%%
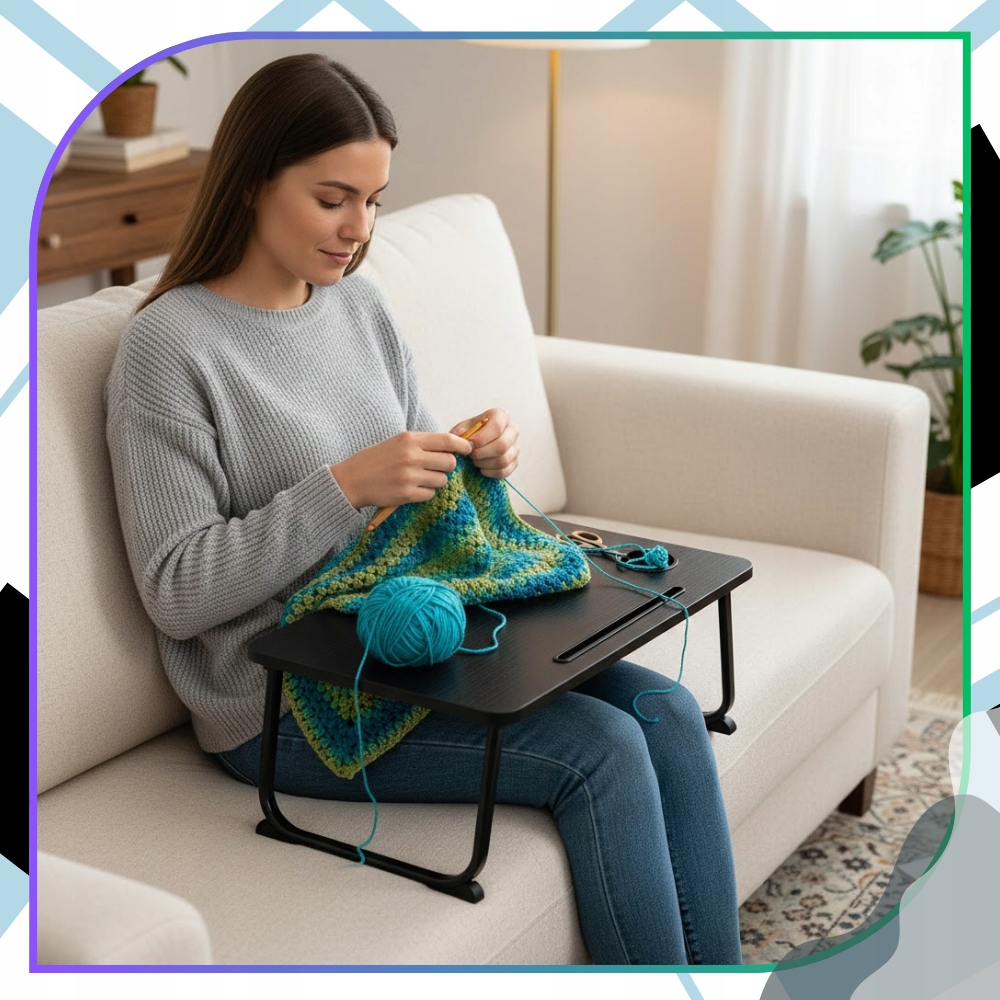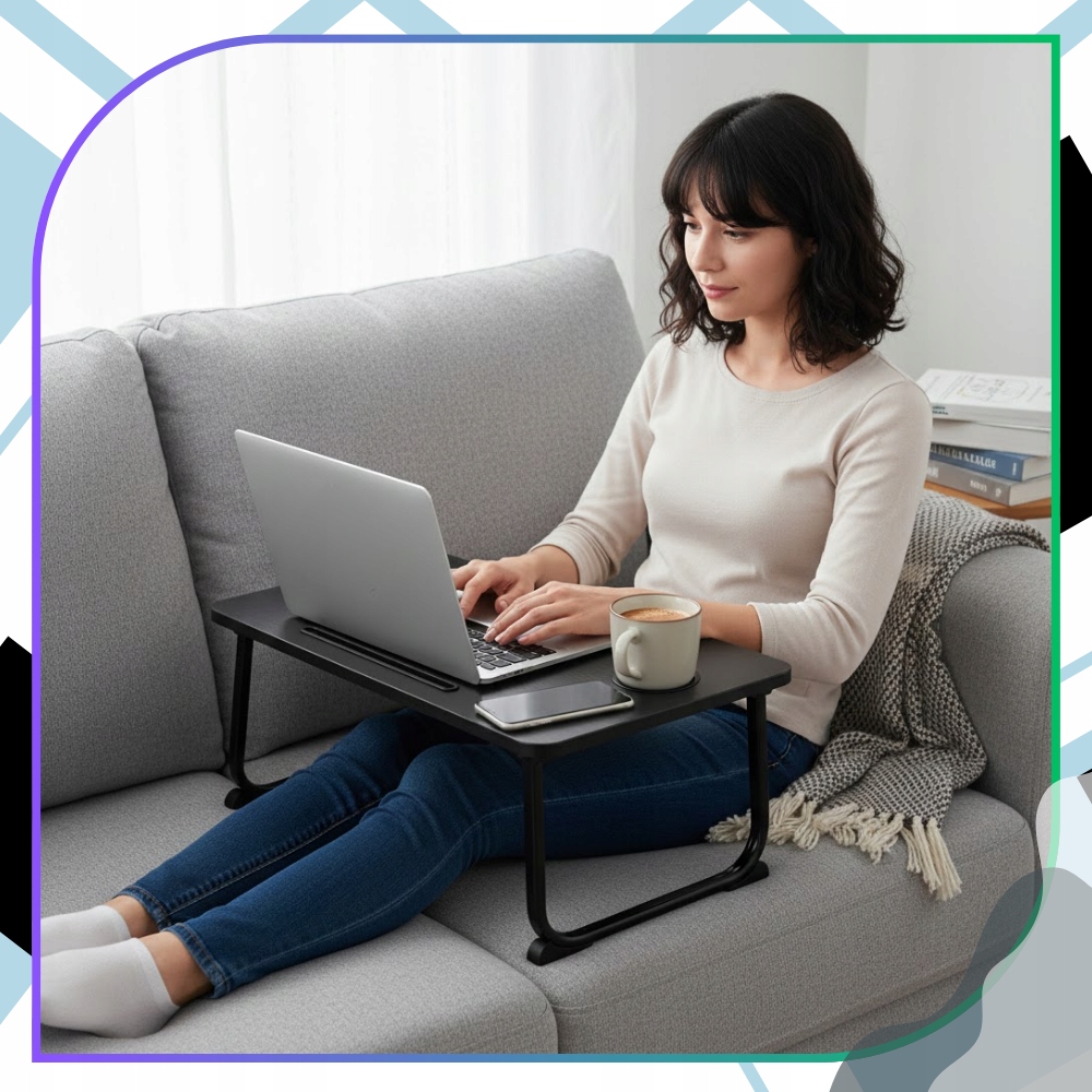 ✅ Ten praktyczny stolik do pracy zdalnej pozwala wygodnie korzystać z laptopa, tabletu lub książek bez konieczności siedzenia przy tradycyjnym biurku.
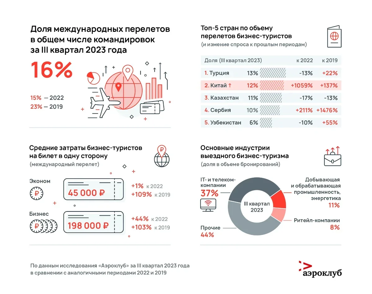 По данным исследования, в третьем квартале 2023 года деловые путешественники из России на 16% чаще приобретали авиабилеты за рубеж, чем годом ранее. Тем не менее, это все еще на 50% меньше, чем в допандемийном 2019 году.
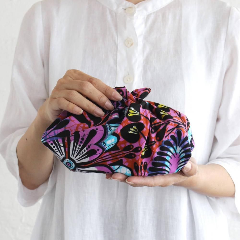 alinのあづま袋 S お弁当包み マチ付き アフリカンバティック(エスニックボタニカル)
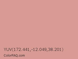 YUV 172.441,-12.049,38.201 Color is a light red color and the nearest color is Petite Orchid #db9690. Hex code #d89b94 and RGB value is rgb(216,155,148). In RGB color space, this color is composed of 85% red, 61% green, 58% blue, In CMYK color space, this color is composed of 0% cyan, 28% magenta, 31% yellow , 15% black , In HSL color space, this color has a hue angle of 6° , 47% saturation and 71% lightness.
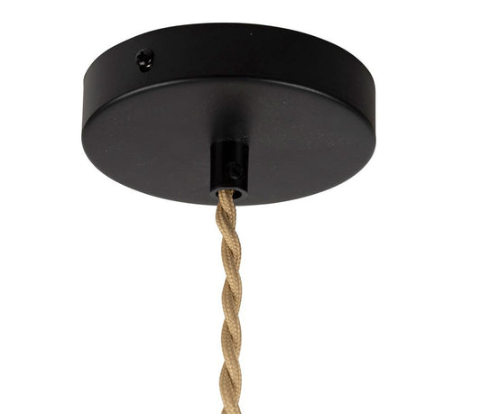 Suspension douille noire - 110cm câble torsadé corde naturelle rosace
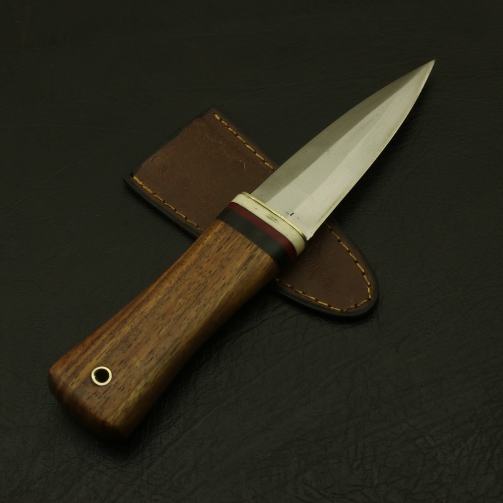 Beautiful Handmade Steel Sgian Dubh Scottish Dirk Knife/ Sheath If you’re looking for a fixed blade Dirk knife that will be a reliable companion, look no further! This knife epitomizes the bold. The main qualities that make it great: sturdiness, sharpness, and looks. The ergonomic design is easy to hold and carry with the included leather sheath. Great for survivalists, tactical personnel, outdoors-men or anyone who appreciates fine craftsmanship and an amazing blade. . The blade is stainless steel, single edged, and razor sharp. It's sturdy enough to last through even the harshest conditions. The handle is beautifully polished, with real bone grips. Designed to feel comfortable and natural in the hand. Even in different conditions, you'll feel confident that the knife will stay firmly within your grasp. Included with the knife is a genuine leather It's brand · Overall Length: 8” · Blade Length: 4” · Handle Length: 4” Handle is made of wood/rose/Pakka/ Complimentary gift messages *Gift wrapping service available for minimal additional fee ADD ONS: *Custom orders for 10 or more pieces. You can choose & submit your own handle or design. LIFETIME WARRANTY No premium knife is complete without a lifetime warranty; our masterpiece knife is fully covered for life, We do sell wholesale, please contact us for special discounts on bulk orders. FEEDBACK POLICY: YOUR FEEDBACK IS VERY IMPORTANT FOR US, IF THEIR IS ANY KIND OF PROBLEM PLEASE GIVE US OPPORTUNITY TO SORT THE ISSUE
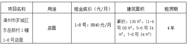 漳州市東岳新村1幢1-8號(hào)店面承租人?,F(xiàn)將具體事項(xiàng)公告如下:一、租賃標(biāo)的物(標(biāo)的物以現(xiàn)狀為準(zhǔn)):
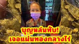 บุญหล่นทับ! เจอแผ่นทองกลางไร่ เห็นชัดลายพระ คาดเป็นของเก่าแก่
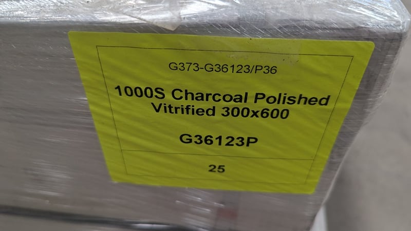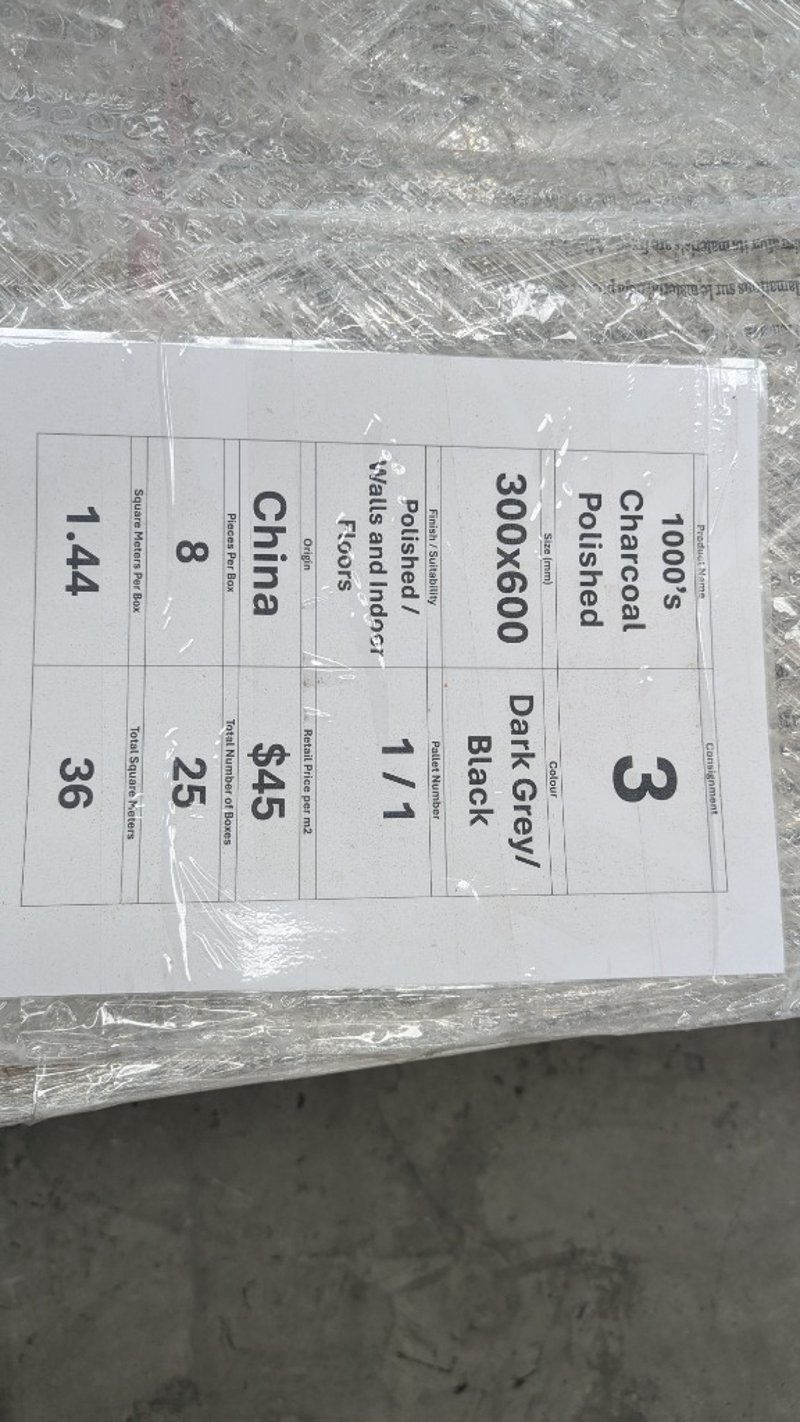 1000's Charcoal Polished Tiles, Model: G36123P, 300 × 600mm, Colour Dark Grey/Black, Suitable for Walls & Indoor Floors, Pcs Per Box 8, No of Boxes 25, Square Meters Per Box 1.44, Total Square Meters 36Note: Some Tiles May Be DamagedSold As Lot
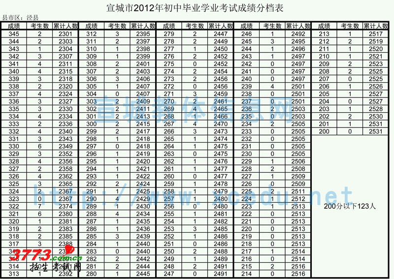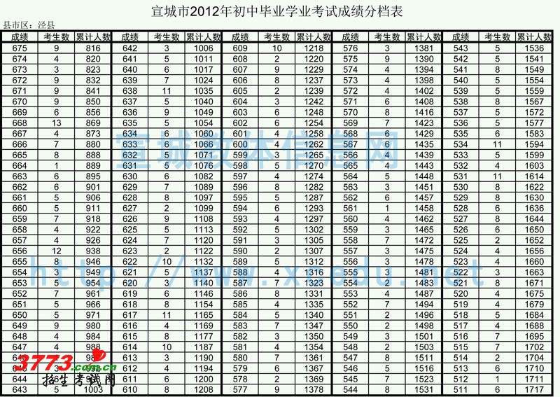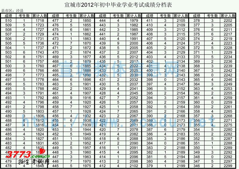 [组图]宣城市2012年初中毕业学业考试成绩分档表(泾县)
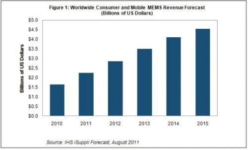 據(jù)IHS公司的消費(fèi)與移動MEMS市場研究報(bào)告,微機(jī)電系統(tǒng)(MEMS)市場中最大和最有活力的領(lǐng)域是消費(fèi)與移動器件,通過積極開拓智能手機(jī)和平板應(yīng)用,2011年MEMS市場將再度實(shí)現(xiàn)創(chuàng)紀(jì)錄的增長率。
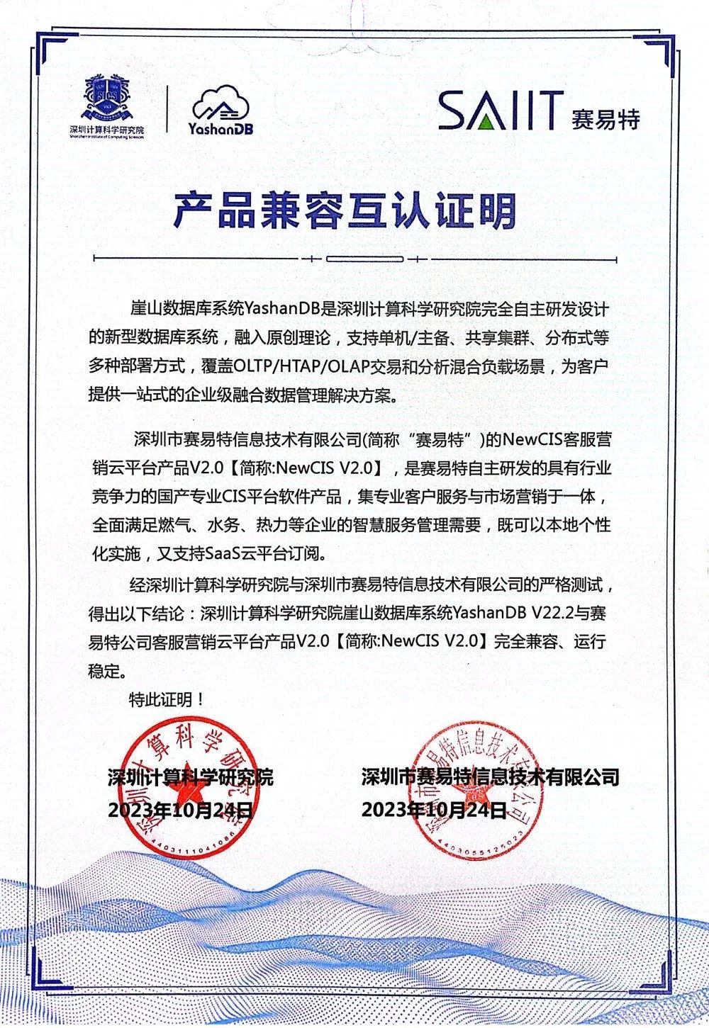 近日,深圳计算科学研究院崖山数据库系统YashanDB与深圳市赛易特信息技术有限公司(简称:赛易特公司)自主研发的客服营销云平台(NewCIS V2.0版)完成兼容性互认证。经严格测试,双方产品完全兼容、运行稳定。
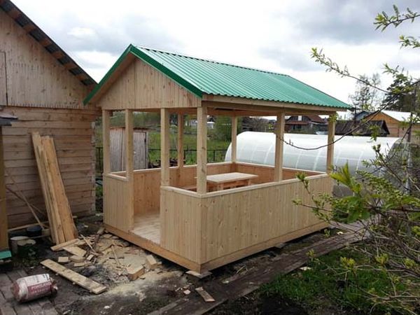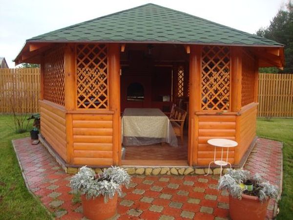 En présence de bois, les matières premières peuvent être fabriquées à la maison. Les lattes inclinées transversalement sont idéales pour décorer des gazebos sans murs vierges. En été, ces bâtiments sont toujours frais et la fumée du barbecue sort à l'extérieur.
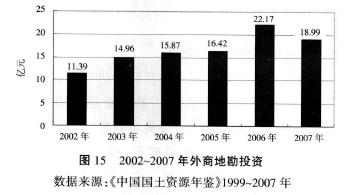 三、2002~2007年吸引外資勘查情況 外國礦業(yè)公司2002~2007年對(duì)中國的地勘投入有所變化,2003~2005年,每年投入稍有增加,但增加幅度很小,到2006年有明顯增長,而2007年較2006年有明顯下降。這可能主要是與國家有關(guān)部門出臺(tái)限制外資礦業(yè)公司開采中國低品位金礦有關(guān),如圖15所示。
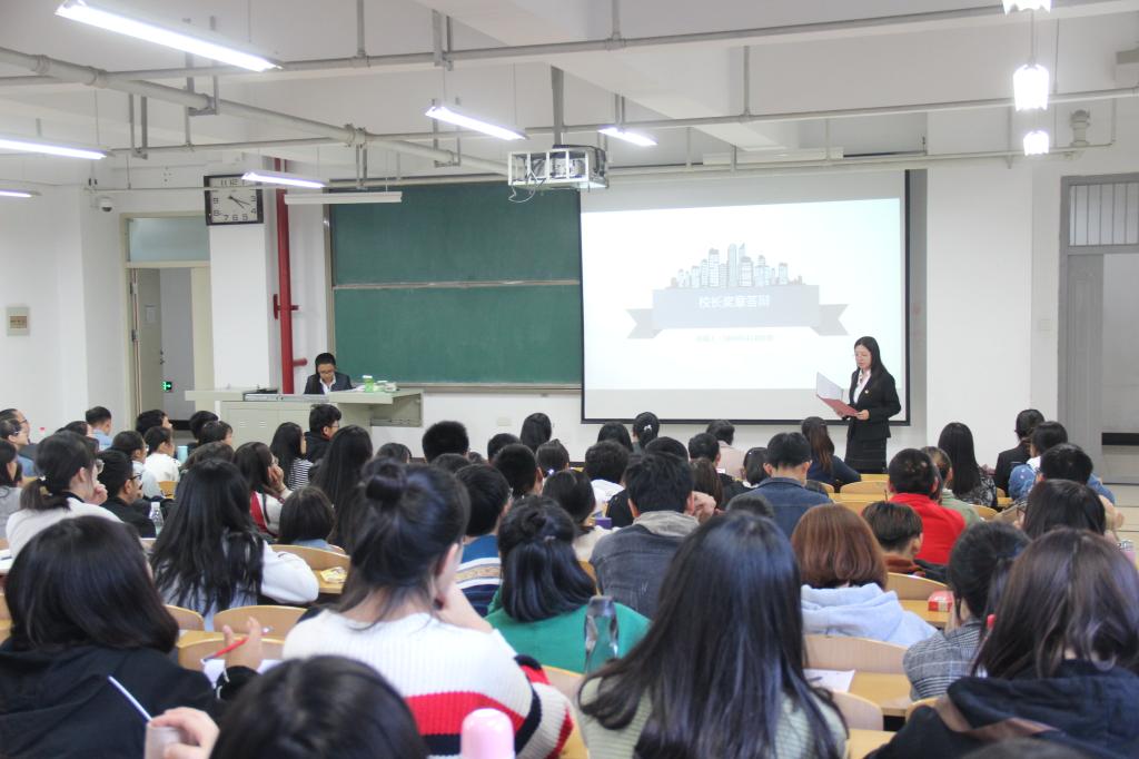 为帮助学校选拔校长奖章获得者,同时营造争当先进的良好风气,黄金城hjc999于10月29日下午4:00在15206教室举行第八届校长奖章评选答辩会。学生科科长李爱霞以及学生科侯向英老师、陈喜军老师出席答辩会议,保卫处郭薇薇老师也共同参与了此次会议,17级、18级部分班级到现场观看。
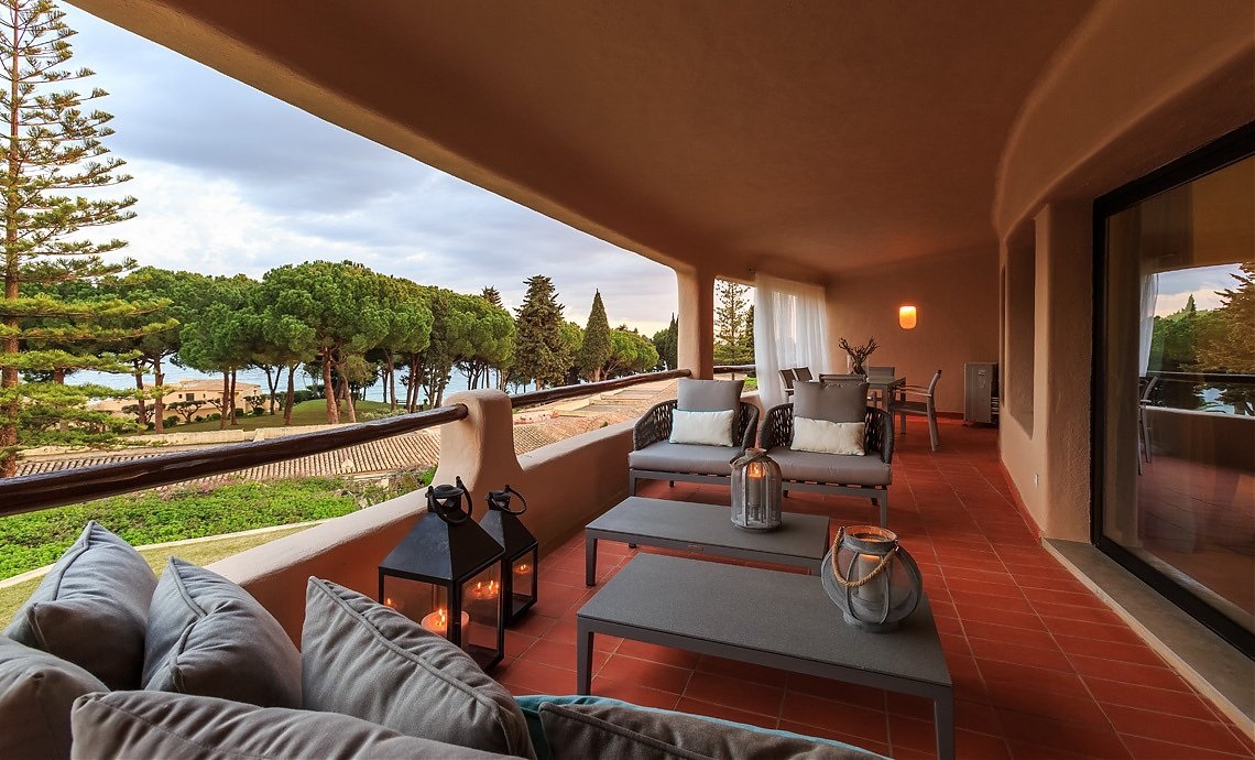 3 bedroom Apartment 186м2 - 6взрослых+2детей / 7 взрослых с доп.кроватью. Три просторные спальни, 3 ванные комнаты, жилая комната со столовой зоной, кухней, есть терраса с видом на сад.
%%
**WHAT TO PRODUCE:** The answer must be the part of the records that opens with the line containing "漳州市東岳新村1幢1-8號(hào)店面" and closes with the line containing "近日,深圳计算科学研究院崖山", reproduced exactly, with no pictures.

**WRITTEN RESPONSE:**
 漳州市東岳新村1幢1-8號(hào)店面承租人?,F(xiàn)將具體事項(xiàng)公告如下:一、租賃標(biāo)的物(標(biāo)的物以現(xiàn)狀為準(zhǔn)):
 บุญหล่นทับ! เจอแผ่นทองกลางไร่ เห็นชัดลายพระ คาดเป็นของเก่าแก่
 1000's Charcoal Polished Tiles, Model: G36123P, 300 × 600mm, Colour Dark Grey/Black, Suitable for Walls & Indoor Floors, Pcs Per Box 8, No of Boxes 25, Square Meters Per Box 1.44, Total Square Meters 36Note: Some Tiles May Be DamagedSold As Lot
 [组图]宣城市2012年初中毕业学业考试成绩分档表(泾县)
 據(jù)IHS公司的消費(fèi)與移動MEMS市場研究報(bào)告,微機(jī)電系統(tǒng)(MEMS)市場中最大和最有活力的領(lǐng)域是消費(fèi)與移動器件,通過積極開拓智能手機(jī)和平板應(yīng)用,2011年MEMS市場將再度實(shí)現(xiàn)創(chuàng)紀(jì)錄的增長率。
 近日,深圳计算科学研究院崖山数据库系统YashanDB与深圳市赛易特信息技术有限公司(简称:赛易特公司)自主研发的客服营销云平台(NewCIS V2.0版)完成兼容性互认证。经严格测试,双方产品完全兼容、运行稳定。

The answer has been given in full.